The reality is that 2017 was a perfect storm. It was the post-Durant vacuum, the rise of the "three-point or layup" era in Houston, and the peak of Westbrook's physical prime. It was a season where the numbers were so loud they drowned out the win-loss column.

To really understand the weight of this award, look at the voting breakdown. Harden had 756 total points to Westbrook's 888. It wasn't a blowout. It was a divided league. Some voters couldn't get past the 47 wins. Others couldn't get past the history being made.

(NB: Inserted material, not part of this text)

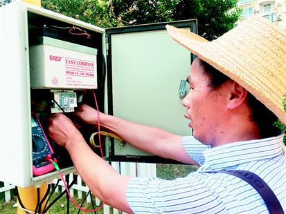 圖為:李中華檢查氣象區(qū)域自動站電壓情況 楚天都市報記者陳希攝

Actionable Takeaways for NBA Fans

If you're tracking the MVP race in the current season or arguing about the past, keep these things in mind:

  1. Check the "On-Off" splits. Real impact shows up when the star sits. If the team collapses, that’s "Value."
  2. Ignore the round numbers. A guy averaging 29.9 points is the same as a guy averaging 30.0. Don't let the "prestige" of 10 or 30 cloud the actual production.
  3. Watch the fourth quarter. Stats are great, but the MVP is usually decided by who takes over when the game is tied with three minutes left. Westbrook owned those moments in 2017.
  4. Factor in the "Heavier Lift." Leading a team of role players to the playoffs is arguably harder than being the third star on a superteam.

The 2017 MVP remains the most debated trophy of the decade because it forced us to define what "Valuable" actually means. Is it the best player on the best team, or the player who does the most with the least? There is no right answer, and that's exactly why we're still talking about it.